Reasons for AEDs in the workplace
  • Workers may suffer sudden cardiac arrest while on the job.
  • Onsite AEDs save precious treatment time, and can improve survival odds because they can be used before emergency medical service (EMS) personnel arrive.
  • A heart rhythm in ventricular fibrillation may only be restored to normal by an electric shock.
  • The AED is compact, lightweight, portable, battery operated, safe, and easy to use.

Placement of AEDs
  • AEDs should be conveniently installed to ensure response within 3-5 minutes.
  • Areas where many people work closely together, such as assembly lines and office buildings.
  • Close to a confined space.
  • Areas where electric-powered devices are used.
  • Outdoor worksites where lightning may occur.
  • Health units where workers may seek treatment for heart attack symptoms.
  • Company fitness units and cafeterias.
  • Remote sites, such as off-shore drilling rigs, construction projects, marine vessels, power transmission lines, and energy pipe lines.

AED program cost
AEDs cost $1200-$3000 per device.

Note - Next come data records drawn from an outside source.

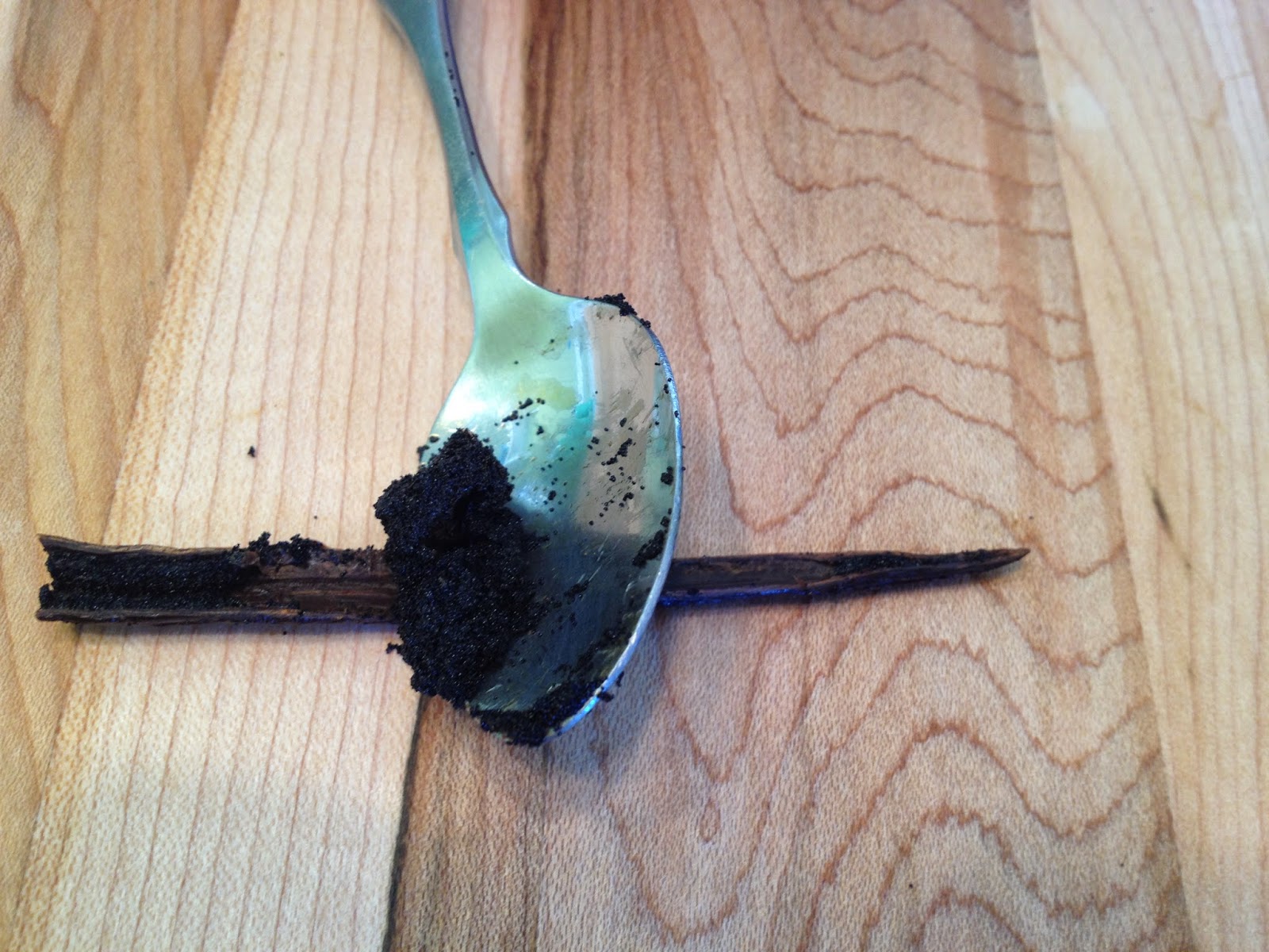 1. The first step is to slice your vanilla beans longwise and remove the "caviar". This can be done by using the tip of your knife or a spoon.
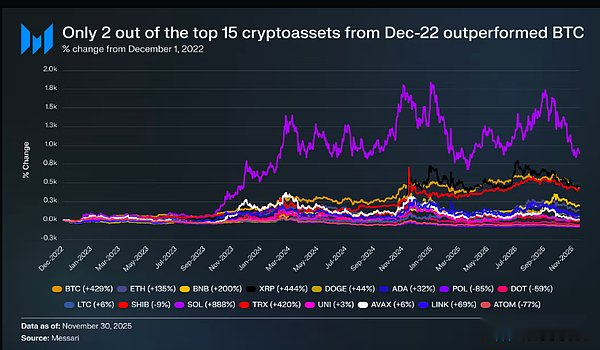Parmi les 15 principaux crypto-actifs au 1er décembre 2022, seuls deux (XRP et SOL) ont surperformé Bitcoin, et seul SOL a réalisé un avantage significatif (en hausse de 888 % par rapport aux 429 % de Bitcoin).Les autres actifs du marché sont nettement à la traîne, de nombreux actifs à grande capitalisation ayant à peine augmenté, voire même diminué au cours de la même période : Ethereum a augmenté de 135 %, le BNB a augmenté de 200 %, le Dogecoin (DOGE) a augmenté de 44 %, tandis que des actifs tels que POL (-85 %), DOT (-59 %), ATOM (-77 %) sont toujours coincés dans le bourbier.Ce qui est plus remarquable, c’est la taille du Bitcoin : en tant qu’actif valant des milliers de milliards de dollars, il aurait nécessité le plus de capital pour faire monter son prix, mais il a quand même surperformé presque toutes les pièces majeures.Cela suggère qu’il existe une pression d’achat réelle et soutenue sur Bitcoin, alors que la plupart des autres actifs se comportent davantage comme des actifs bêta, n’augmentant que lorsque Bitcoin fait grimper le marché global.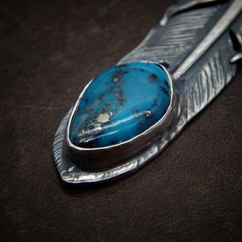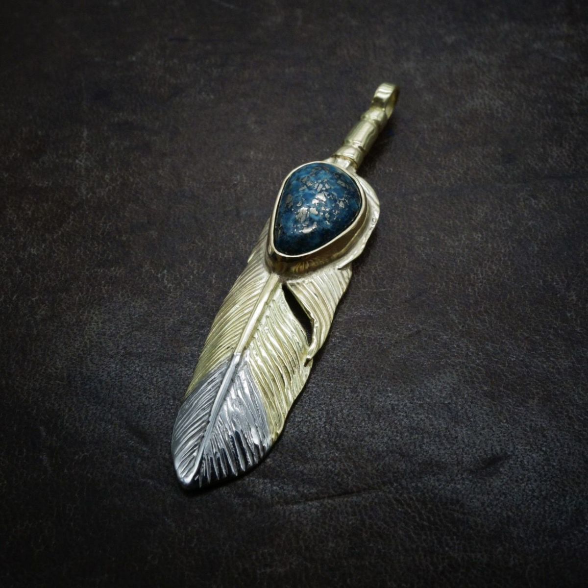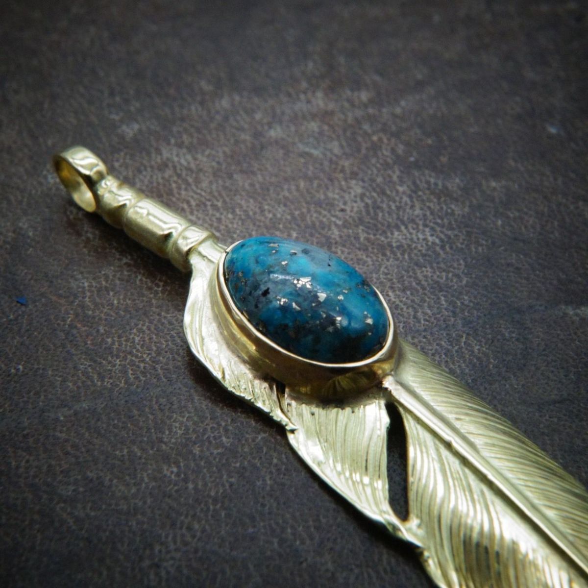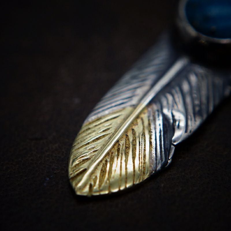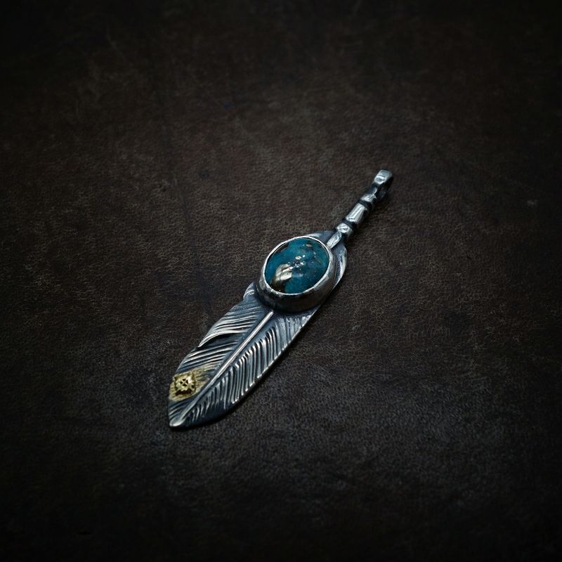 ターコイズ付き 中フェザー左向き ペンダントトップ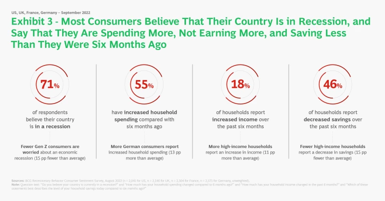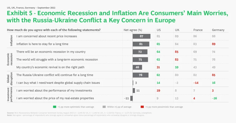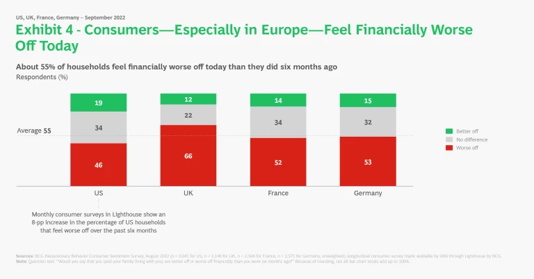 That said, most consumers across the four countries we researched believe that we are in a recession—and say that they are spending more and saving less. (See Exhibit 3.) Only 18% have seen their income increase in the past six months, and over half believe that they are financially worse off today than they were six months ago. (See Exhibit 4.) The recession and inflation are primary concerns across countries, in 87% and 81% of net households, respectively. Fear of a prolonged Russia-Ukraine war is also raising concern, but that concern is significantly higher in Europe, at 80% or more, than in the US, at 62% of net households. (See Exhibit 5.) And although fewer consumers say that they feel financially worse off in the US than do in other countries, as of early September, only 31% of net households in the US households agree that their country is on the right economic path, compared with 59% in the UK, 49% in Germany, and 43% in France.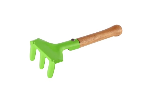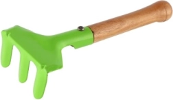 Този цветен тричастен комплект детски инструменти е проектиран да бъде издръжлив, лек и лесен за управление за деца от 5 години. Металните работни части се справят с обичайните градински задачи, докато ергономичните дървени дръжки пасват добре на детската ръка.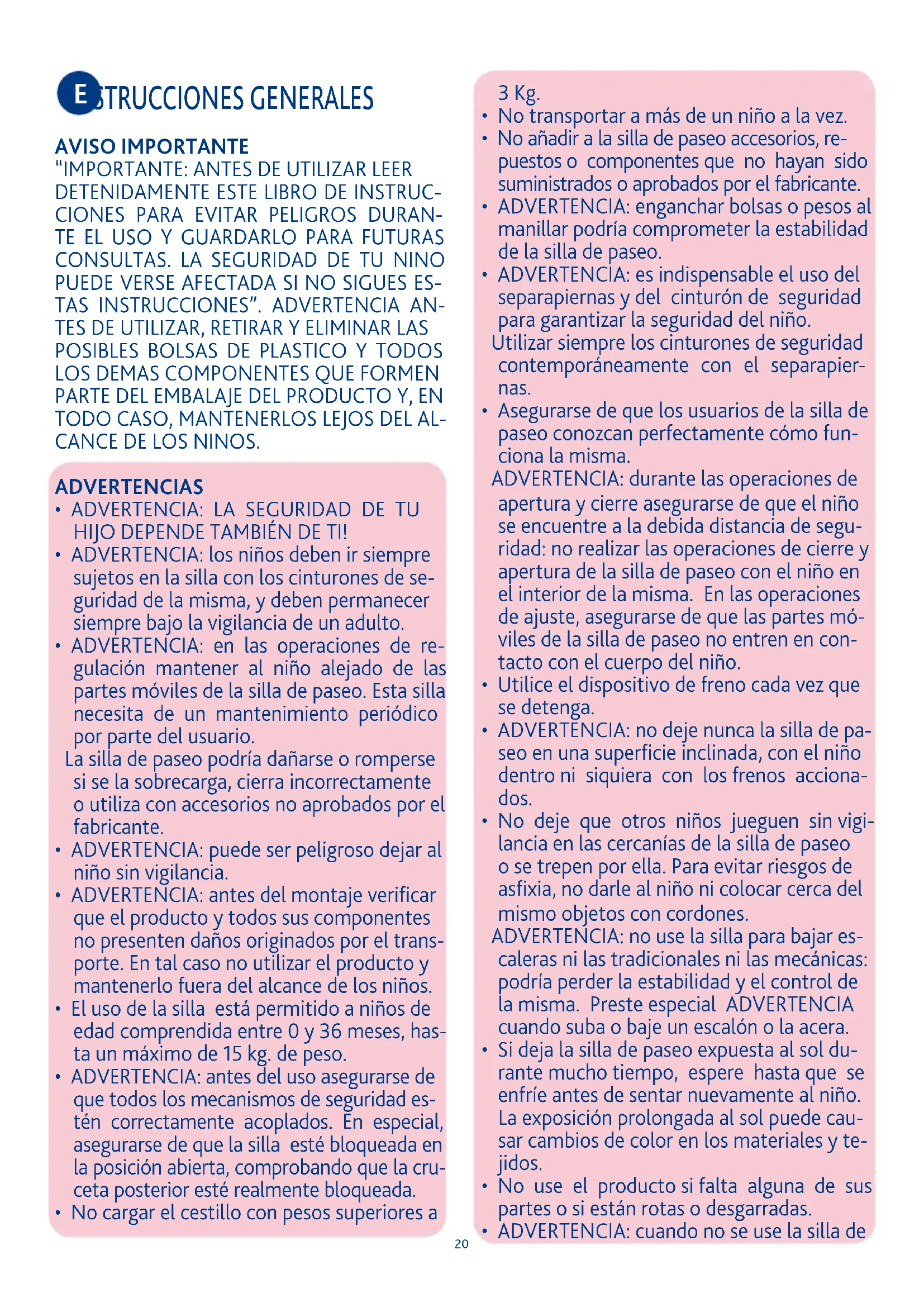 - ADVERTENCIA: en las operaciones de re- gulación mantener al niño alejado de las partes móviles de la silla de paseo. Esta silla necesita de un mantenimiento periódico por parte del usuario. La silla de paseo podría dañarse o romperse si se la sobrecarga, cierra incorrectamente o utiliza con accesorios no aprobados por el fabricante.

Training, annual retraining, and administrative costs are additional.

AED training
Your workers can easily be trained to:

  • Recognize sudden cardiac arrest and notify EMS personnel,
  • Perform cardiopulmonary resuscitation (CPR),
  • Provide early defibrillation with an AED, and
  • Care for the victim until EMS personnel arrive.
For more information, visit the OSHA website at www.osha.gov or the websites of the following organizations:
  • American Heart Association
  • American College of Occupational and Environmental Medicine
  • American Red Cross
  • Federal Occupational Health
  • National Center for Early Defibrillation
  • National Safety Council

SUCCESS STORIES

From the American Heart Association
  • A 41-year-old worker at a manufacturer of heating and air-conditioning systems suffered a sudden cardiac arrest at work. After three shocks and CPR he was revived within 4 minutes. Fortunately, his company had AEDs and trained responders. By the time EMS personnel arrived, he had been resuscitated and was moved to a hospital. The employee survived.

  • A 62-year-old employee of a coatings, glass, and chemical manufacturer suffered a sudden cardiac arrest after walking up the stairs to her office. Employees in the next office heard her fall and notified the plant emergency response team. She was defibrillated and saved in less than 2 minutes. EMS personnel then arrived to transport her to the hospital. She sent a note to the company after her discharge from the hospital saying she had "no doubt that headquarters spent money wisely."

  • An employee at an automobile manufacturer was working on the production line when he suddenly collapsed, lost consciousness, and stopped breathing. Plant security responded, and after two shocks with an AED, the employee's heart responded and his pulse returned. He's alive today thanks to the fast actions of his co-workers and the company's emergency response plan, which included AED installation and training.

From the National Institute for Occupational Safety and Health
  • While standing on a fire escape during a building renovation, a 30-year-old construction worker was holding a metal pipe with both hands. The pipe contacted a high voltage line, and the worker instantly collapsed. About 4 minutes later, a rescue squad arrived and began CPR. Within 6 minutes the squad had defibrillated the worker. His heartbeat returned to normal and he was transported to a hospital. The worker regained consciousness and was discharged from the hospital within 2 weeks.

AEDS SAVE LIVES!

These devices have a proven track record of saving lives in public places as well as in the workplace. They can do the same for you and your employees. Please consider installing AEDs in your workplace.